Mokuzai Gakkaishi Volume 67, Issue 2

A Novel Rapid Artificial Drying Schedule for Japanese Cedar Boards Retaining Natural Durability

The objective of this study was to develop a novel and rapid artificial drying schedule for a boards of Japanese cedar (Cryptomeria japonica). Boards of green wood were dried to a moisture content of 15% under 9 artificial drying conditions with a combination of three dry-bulb temperatures (50°C, 70°C and 90°C) and three wet-bulb depressions (5°C, 10°C and 20°C). We found that the condition of 90°C dry-bulb temperature and 20°C wet-bulb depression produced dried boards in the shortest period. The boards indicated no significant color change for practical use. In addition, the dried boards showed durability against brown-rot fungi Fomitopsis palustris and subterranean termites Coptotermes formosanus comparable to naturally dried heartwood boards. The relative contents of cadinols demonstrated negative correlation with weight loss in decay tests. These results may lead to improvement of drying schedules for Japanese cedar boards while retaining natural durability.

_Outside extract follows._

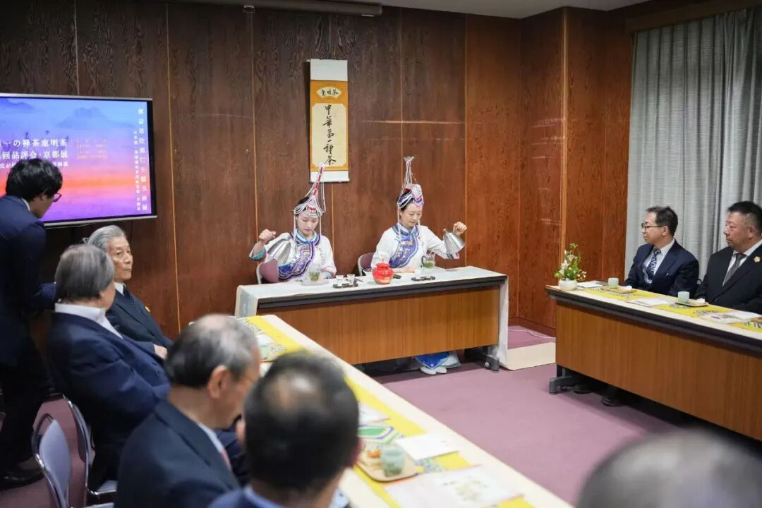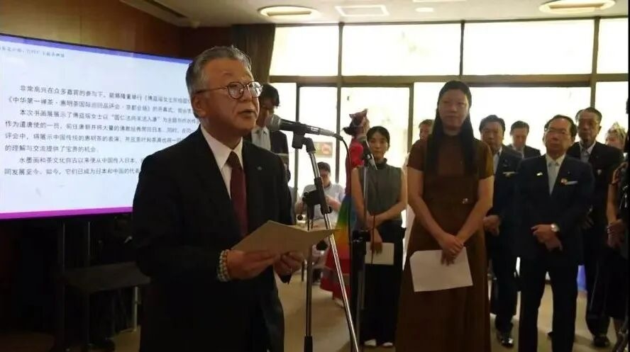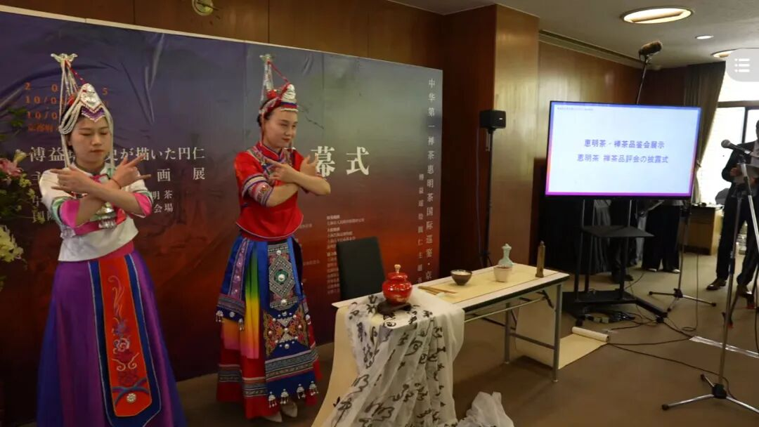 惠明茶源于唐代,是中国禅茶文化的典型代表。明清时期曾两度入选为朝廷贡品,并在巴拿马万国博览会与上海世博会上荣获金奖。2022年,“中国传统制茶技艺及相关习俗”被列入联合国教科文组织《非物质文化遗产名录》,此次惠明茶作为中国茶文化的代表,让日本各界体验了中国茶文化的独特魅力。在袅袅茶香之间,观者得以体味“茶禅一味”的悠远境界;水墨与茶艺交织相映,共同营造出清雅而深厚的文化氛围。
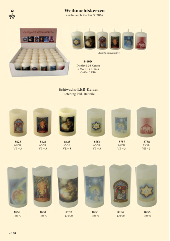 Display à 36 Kerzen 6 Motive à 6 Stück Größe: 55/40

The Effect of Drying Schedule on Internal Stresses of Sugi (Cryptomeria japonica) Pithless Square Timber

In this study, the effect of drying schedule on internal stresses of sugi (Cryptomeria japonica) pithless square timber was determined. The released strain distribution of the timber was measured using a slicing method. Square timbers with cross-sectional dimensions of 120 mm × 120 mm were dried under three different conditions. After drying, cross-cut specimens of 15 mm thickness were cut from the center of the timber and divided using four different methods. The released strain distribution was measured using images of the specimen surface before and after splitting. The surface layer of the timber showed a large positive released strain, indicating a large compressive stress. This tendency was remarkable at higher initial dry-bulb temperature. The released strain at the surface showed a strong positive correlation to the released strain gradient, indicating that the released strain at the surface could be used to estimate the released strain gradient. These findings were already known for boxed-heart square timber, and this study shows that the same is true for pithless square timber.

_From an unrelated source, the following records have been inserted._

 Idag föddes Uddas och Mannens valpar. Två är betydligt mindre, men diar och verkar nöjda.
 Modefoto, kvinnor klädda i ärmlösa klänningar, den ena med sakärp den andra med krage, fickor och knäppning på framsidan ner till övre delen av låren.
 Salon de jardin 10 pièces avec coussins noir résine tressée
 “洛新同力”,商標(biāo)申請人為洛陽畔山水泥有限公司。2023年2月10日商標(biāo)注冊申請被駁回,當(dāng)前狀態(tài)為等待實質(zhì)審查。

Elastic Modulus Correction Formula Obtained Using a Stress Wave Propagation Method

To evaluate the strength of structural members using a stress wave propagation method, it is necessary to determine a constant elastic modulus value, regardless of the sensor insertion position and distance between the sensors. Therefore, the elastic modulus values of sugi (Cryptomeria japonica), hinoki (Chamaecyparis obtusa), akamatsu (Pinus densiflora), and karamatsu (Larix kaempferi), which have been used for wooden civil engineering structures, were evaluated while varying the sensor insertion position and the distance between sensors. The elastic modulus was found to be larger when the sensor was inserted between the structural member cross sections, rather than between the surfaces. Moreover, a positive correlation between elastic modulus and distance between sensors was discovered. Subsequently, a correction formula was devised that ensures that the elastic modulus is constant, regardless of sensor insertion position and distance between sensors, with the correction formula calculated for each of the examined wood species.

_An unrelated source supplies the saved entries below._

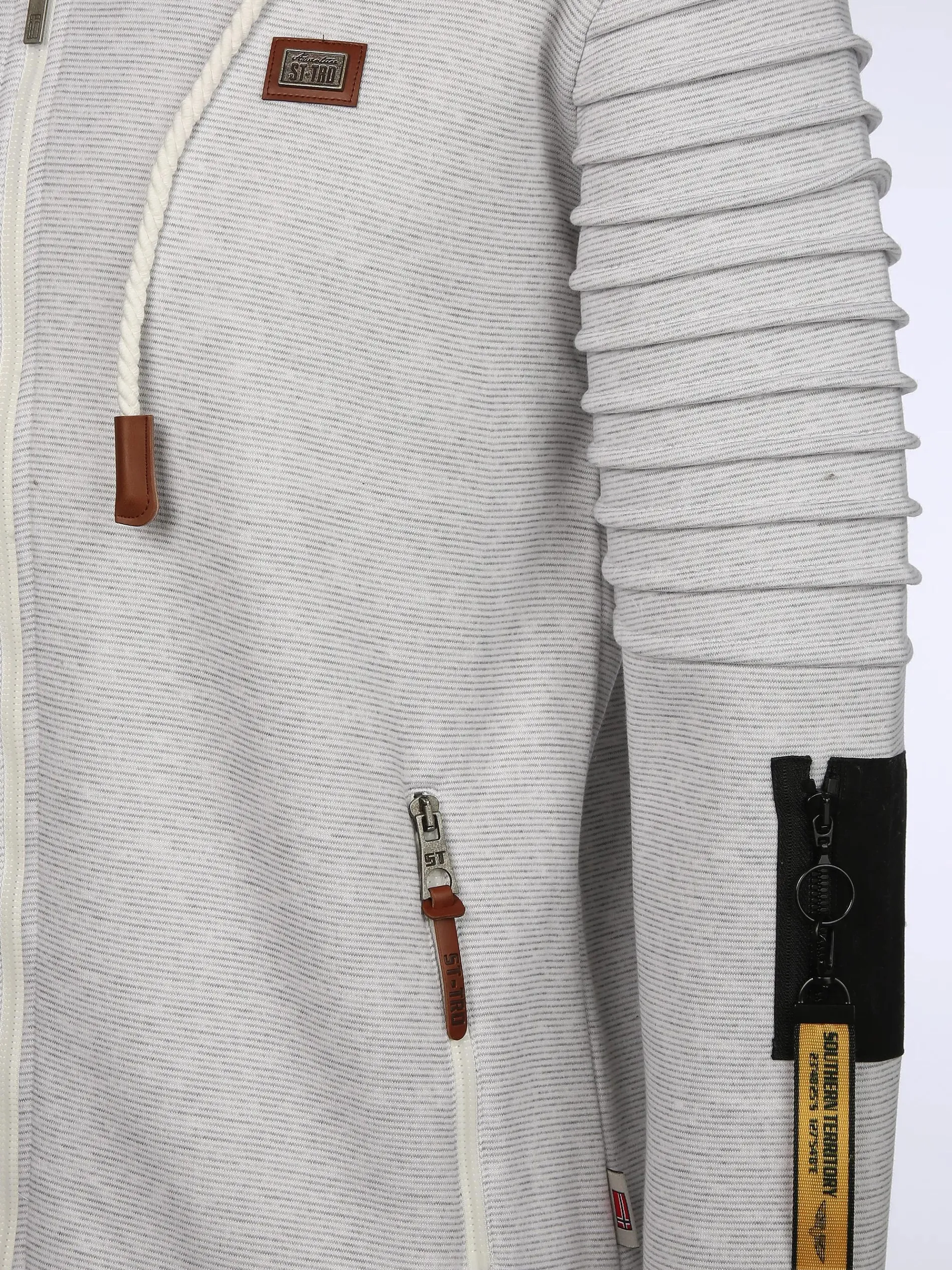 - Tasche am linken Oberarm und langem Zipper
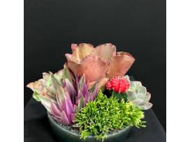 Succulents in dark-glazed pot
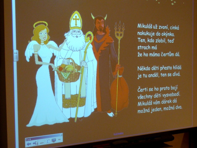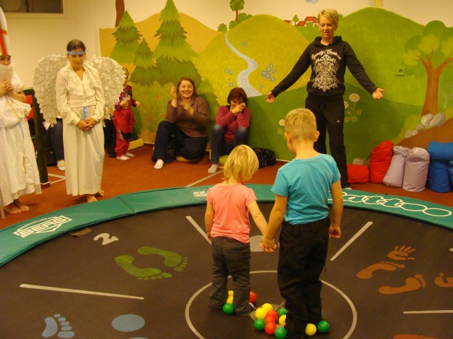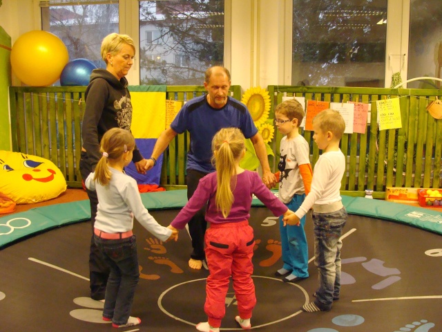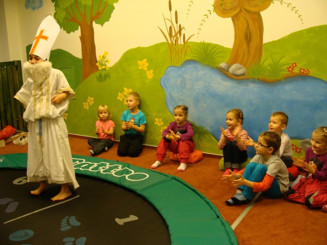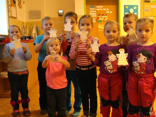 Druhého prosince jsme se sešli ve třídě paní učitelky Lenky. Nejdříve jsme si povídali o adventní době a o svátcích Mikuláše. Když jsme si vyrobili krásné andílky z papíru, zazpívali jsme si a zacvičili. Nejvíce jsme se ale těšili na velkou trampolínu. Na ní jsme se nejdříve houpali, potom lezli a nakonec i skákali. Zkusili jsme prolézat tunelem a cvičit s míčky. Najednou se ve dveřích objevil Mikuláš s andílky a chtěli si taky zaskákat. Šlo jim to moc dobře a andílci opravdu létali. Když jsme jim zazpívali, dostali jsme malé sladkosti. Nakonec jsme si popřáli krásné Vánoce a těšíme se na další setkání.
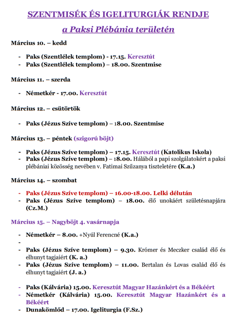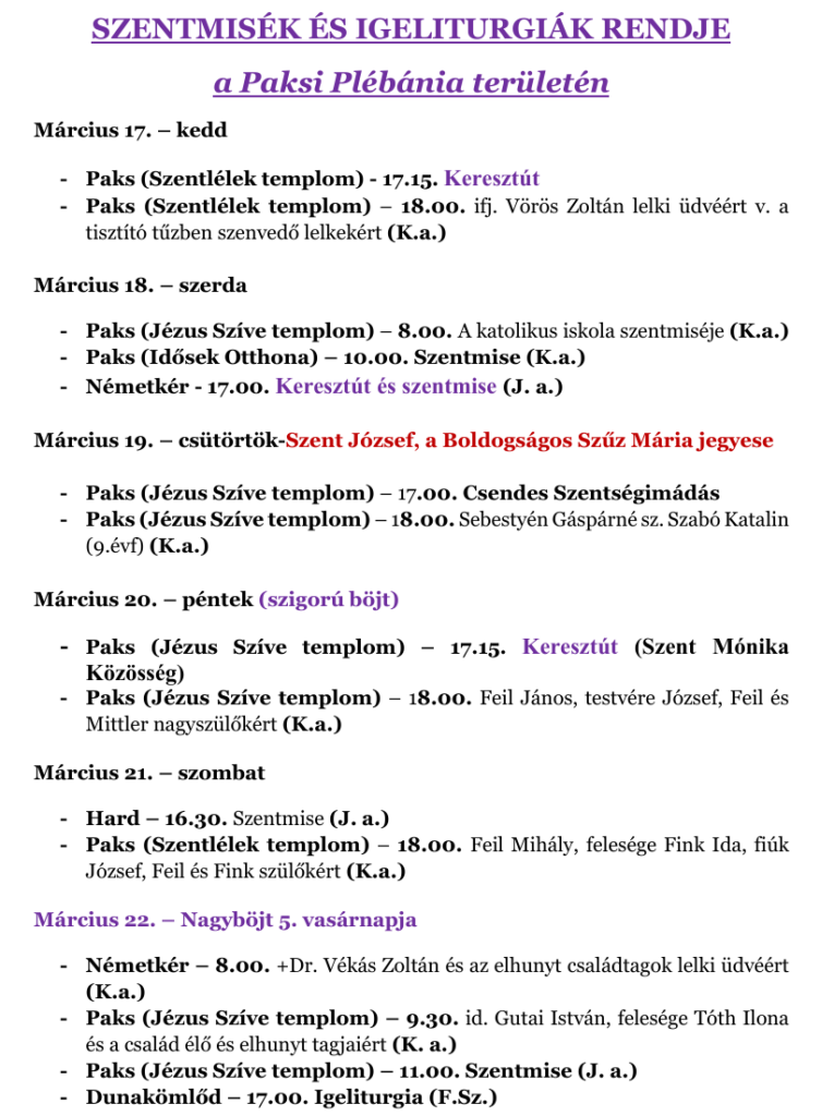 03.16.-03.22. Miserend és hirdetések
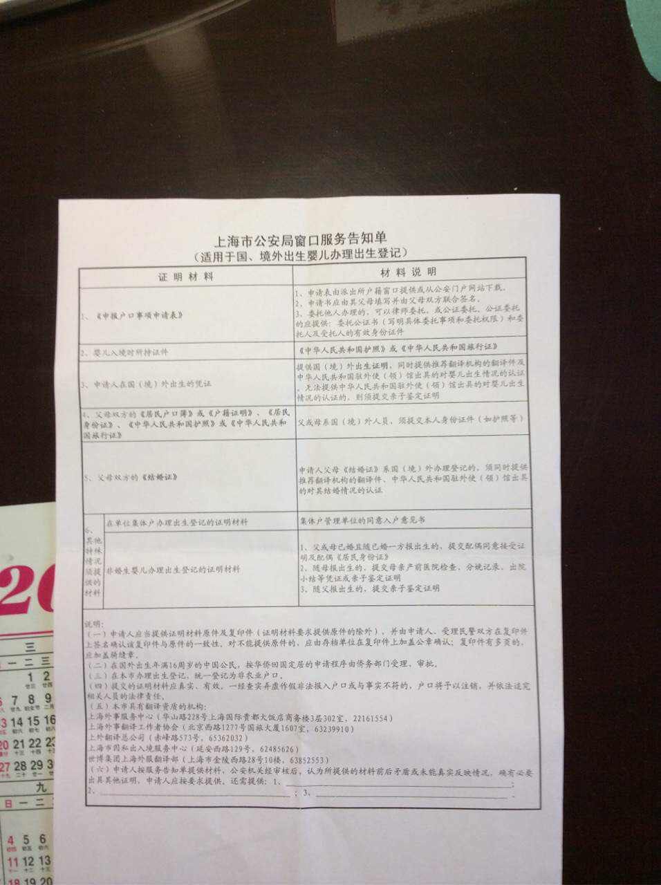 附上清单的照片,有点模糊,凑活看看。我在黄浦区和静安区的派出所拿到的这张纸都是一样的
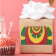 The primary colours are vibrant and saturated, featuring rich reds, greens, and yellows. These colours are arranged in a repeating pattern, generating a dynamic visual effect that captures attention and evokes energy.

Bonding Strength between Cross Layers of CLT Evaluated by Torsion and Compression Block Shear Tests

In order to evaluate the bonding strength between cross layers of CLT, we carried out three shear tests: torsion test, block shear test according to JAS 3079, and block shear test loaded at 45 degrees to the fiber direction. As a result, adhesive types had no effect on shear strength, and air-dried density of specimens had positive correlation to shear strength in each test method. Shear strength derived from linear regression between air-dried density of specimens and shear strength in block shear tests were approximately 45%-57% of the torsional strength. However, those of the block shear test loaded at 45 degrees direction were approximately 90%-94% of the torsional strength. In addition, block shear test loaded at 45 degrees to the fiber direction was shown to be useful as a method for evaluating the bonding strength between cross layers of CLT, because rolling shear is avoided and it can be carried out with a general-purpose test device.